My flight from LA to SF last week, fully boarded! No idea when air travel will return to normal.

My flight from LA to SF last week, fully boarded! No idea when air travel will return to normal.

·         We don’t know if you should cancel your spring break trip. Unless you are traveling to a level 3 country, that is, which means a country that has enough COVID-19 spreading around at the moment that you’ll have to self-quarantine for 14 days after returning home… if you can get home. So I would cancel those plans. The currently list of level 3 countries is on four long: China, Iran, South Korea, and Italy, but undoubtedly this will change in the days and weeks to come. I’ll add that many of the texts and emails I have received ask about other countries in western Europe and also Mexico. My answer has been that right now no one knows if return travel will remain an option, so if you really want to go hang out on that beach, think about bringing 14 extra pairs of underwear. 

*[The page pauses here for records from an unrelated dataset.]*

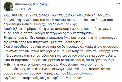 Αντιδράσεις και σχόλια προκλήθηκαν μετά το δημοσίευμα του loutrakiblog.gr αναφορικά με τη συνεδρίαση του Λιμενικού Ταμείου στο Λουτράκι.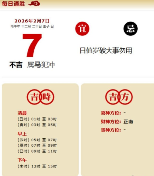 易学董老师:2026年2月7日 每日通胜+今日生肖红黑榜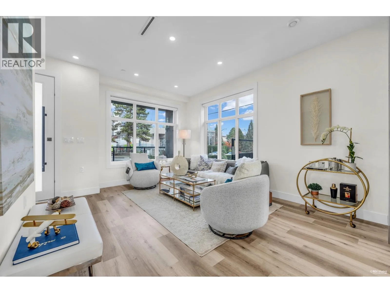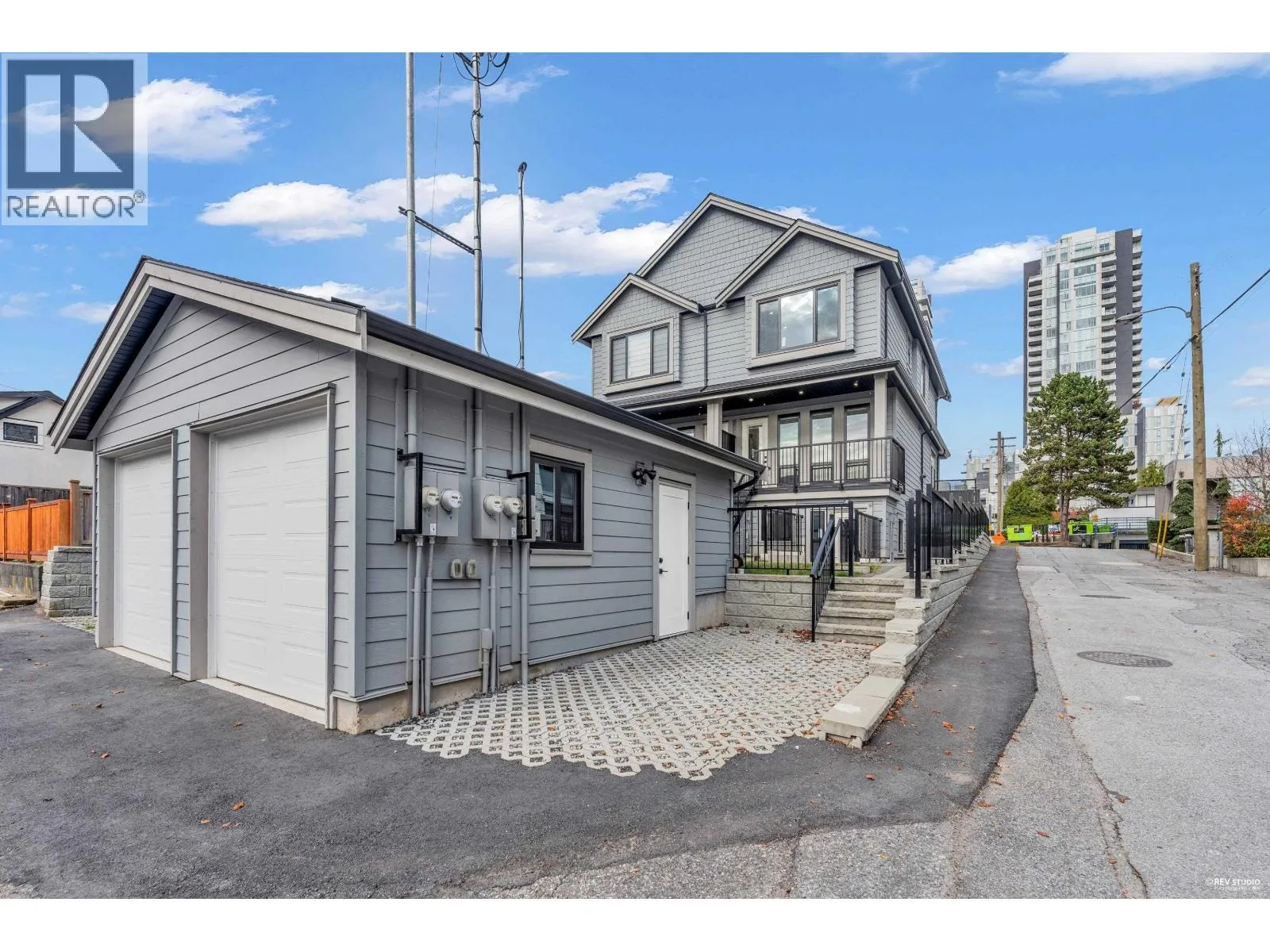 Impeccably built and almost new side-by-side duplex in the heart of Marpole! This elegant residence offers nearly 2,000 sq.ft. of bright, thoughtfully designed living space featuring 3 generous bedrooms upstairs and a 2-bedroom legal suite below with separate electrical meters and hot water tanks. Quality craftsmanship throughout with engineered hardwood floors, high ceilings, and air conditioning for year-round comfort. A large detached garage plus one open parking space provide convenience and flexibility. Ideally located near top schools, parks, and just a short walk to Marine Gateway SkyTrain, shops, and restaurants-where superior quality meets exceptional lifestyle! Equipped with 200-amp electrical service and two Level-2 outlets, making it ideal for EV charging or future upgrades. (id:27476)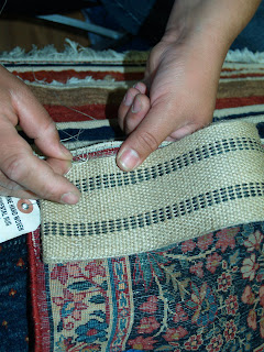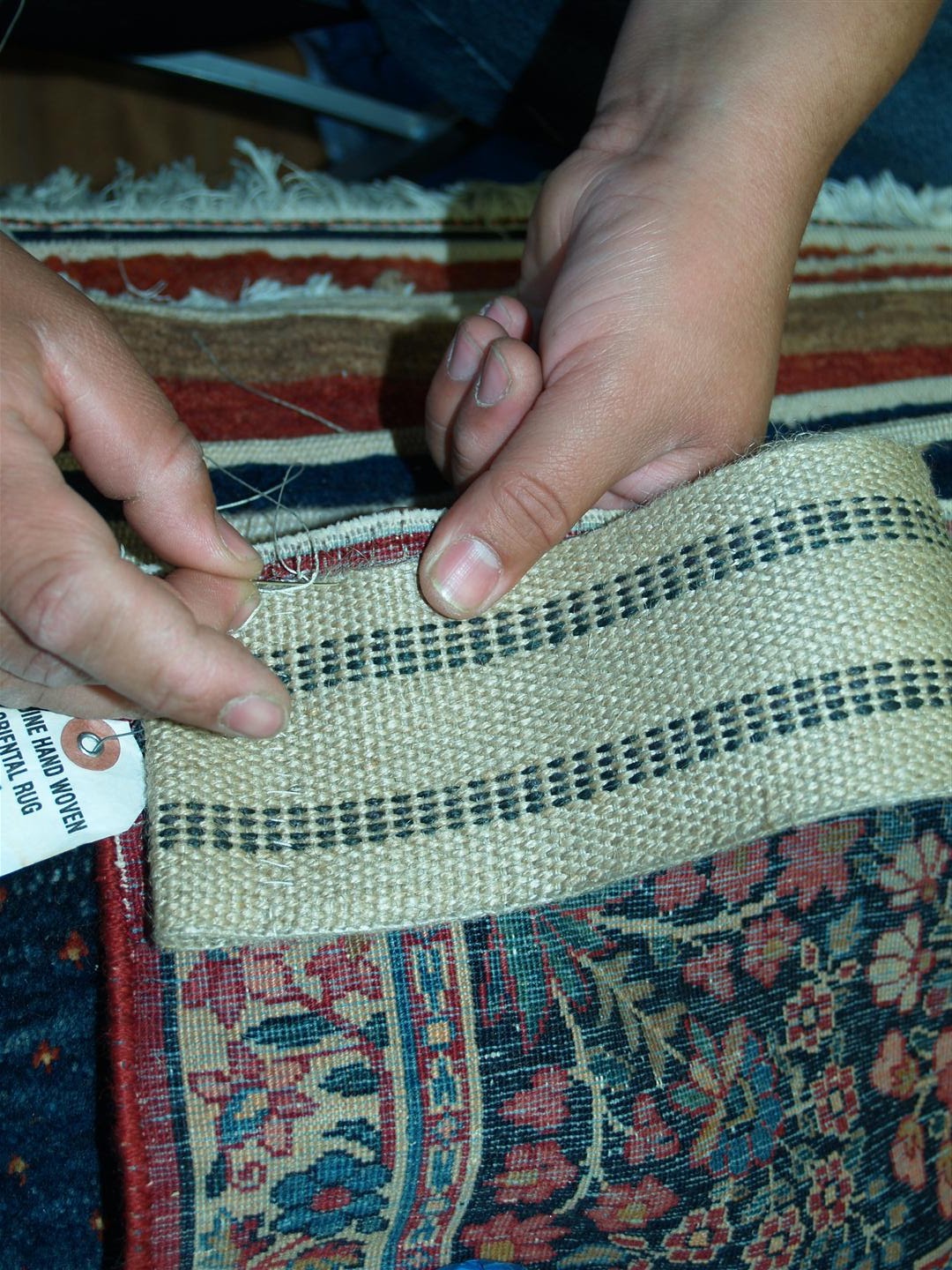 Our customer expressed interest in hanging the rug once it was deep cleaned, and we had the perfect answer. At Rug Ideas we do canvas installation on rugs and tapestries so that they can be used for hanging/displaying on the wall. One of our weavers sewed on the canvas to the back/top of the rug by hand; the installation allows a rod to be placed through the center gap of the canvas and makes for easy hanging.

·         We don’t know if your kid’s school is going to close. Right now, in most parts of the country, the answer is not likely. That’s partly because kids aren’t getting sick in the same numbers as adults, a fact likely related to all of the other corona viruses that kids get in preschool and the early grade school years – it looks like these recent infections protect them. That said, schools may close if the adults who run them and teach there begin to get sick. They may also close if a parent of a student is infected or just in an effort to minimize spread among large groups of people. Viruses love big groups.  

·         We don’t know if you can get coronavirus through prepared foods, swimming pools, or from your pet, though all of these look pretty unlikely at the moment. The WHO has a great myth-busters resource page, though, worth checking out. Hopefully they will add more info over the days to come. 

·         We don’t know how long you are going to need to wash your hands and wipe down surfaces… but we do know those things work! A study done in the past few weeks looked at how COVID-19 spreads on surfaces. In Singapore, researchers went into quarantine spaces and tested surfaces in the anterooms and bathrooms of three patients living in isolation. Here’s what they found: before anyone did routine cleaning, the virus was identified on basically all surfaces tested, yes, including the toilet. But after cleaning, the virus pretty much disappeared. So cleaning works. And a big PS: samples of the air in these rooms contained no virus.   

If you are looking for some elegant articles invoking bigger-picture thinking, read this one by Bill Gates or this one by my friend and fellow doc Joon Yun. Or read anything by STAT’s Helen Branswell. There are lots of great resources out there, but there are also lots of unfounded theories and swirling fears. Choose where you get your information carefully and above all else, use basic common sense.